Bloat (GDV) Emergency
Category: emergency
Bloat, formally known as Gastric Dilatation-Volvulus (GDV), is one of the most life-threatening emergencies in dogs. The stomach fills with gas and fluid (dilatation) and then rotates on its axis (volvulus), trapping contents and cutting off blood flow to the stomach and spleen. Without emergency surgery, GDV is fatal — often within hours. Understanding the risk factors, recognizing early signs, and acting immediately can save your dogs life.
## How GDV Develops
GDV occurs in two stages. First, gastric dilatation (bloat) occurs — the stomach fills with gas, food, or fluid and expands dramatically. In some cases, this resolves on its own (simple bloat). However, if the distended stomach rotates (volvulus), the situation becomes immediately life-threatening. The rotation: traps gas and fluid inside the stomach, cuts off blood supply to the stomach wall (causing tissue death), compresses the vena cava (reducing blood return to the heart), traps the spleen (often causing it to twist as well), causes shock, cardiac arrhythmias, and multi-organ failure.
## Risk Factors
**Breed predisposition:** Large and giant breed dogs with deep, narrow chests are at highest risk. Great Danes have the highest breed-specific risk (up to 42% lifetime risk). Other high-risk breeds include German Shepherds, Standard Poodles, Weimaraners, Irish Setters, Gordon Setters, Saint Bernards, Doberman Pinschers, Basset Hounds, Boxers, and Bloodhounds.

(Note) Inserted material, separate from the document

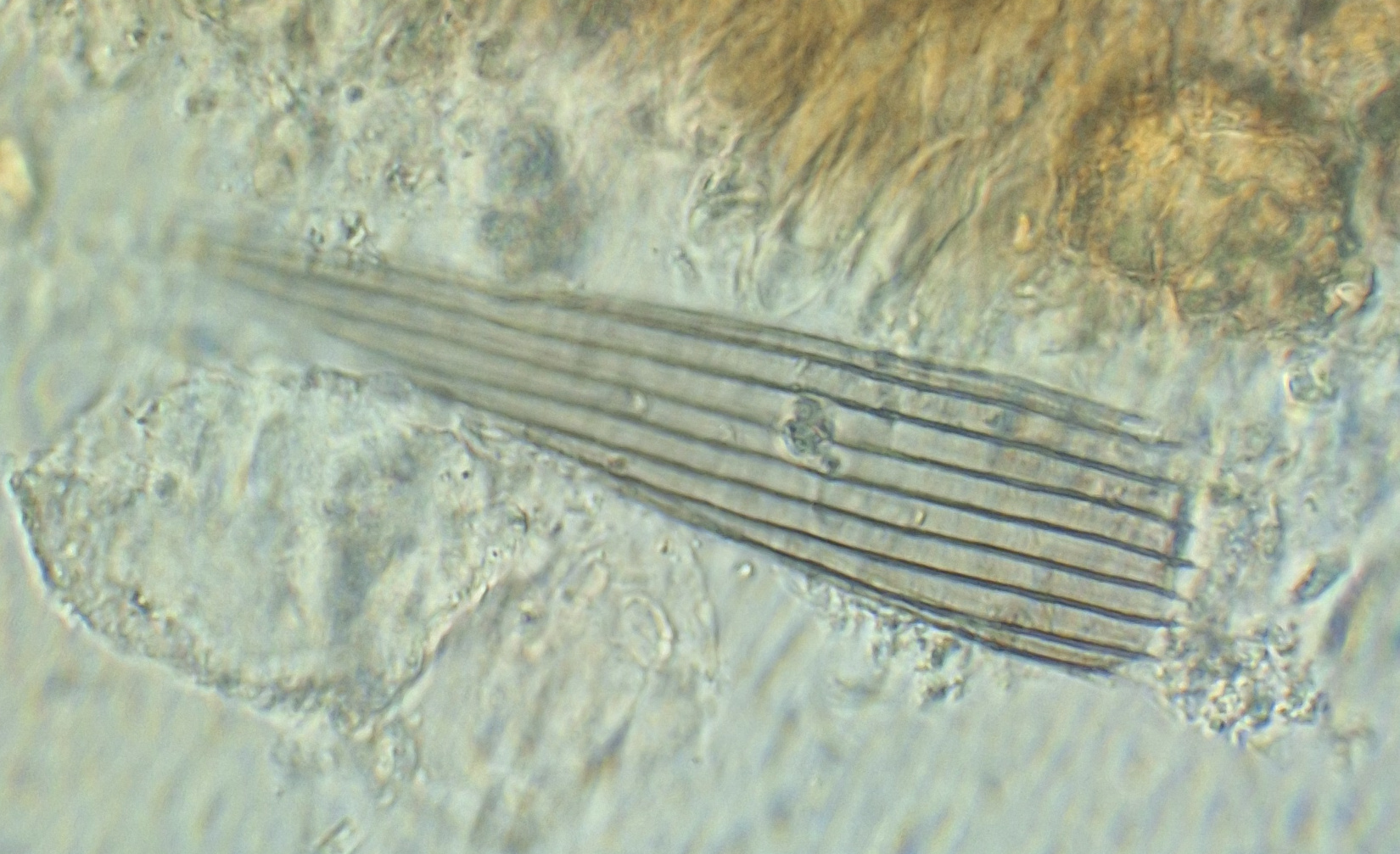 Sporen habe ich nur an einer Stelle gefunden, mit der Größe um 3 µm passt das aber zur erwarteten Art L. resinaria, und schließt eigentlich alle anderen aus.

**Other risk factors:** Feeding one large meal per day (vs. 2-3 smaller meals), eating rapidly, exercising vigorously immediately before or after meals, stress or fearful temperament, older age (risk increases with age), having a first-degree relative who had GDV, being underweight, elevated food bowls (controversial — some studies show increased risk), and previous episode of bloat.
## Signs and Symptoms — EVERY MINUTE COUNTS
**Early signs:** Restlessness and inability to get comfortable, pacing and looking at the abdomen, drooling and lip-licking, trying to vomit but producing nothing or only foam (unproductive retching) — THIS IS THE HALLMARK SIGN, and distended/swollen abdomen that feels tight like a drum.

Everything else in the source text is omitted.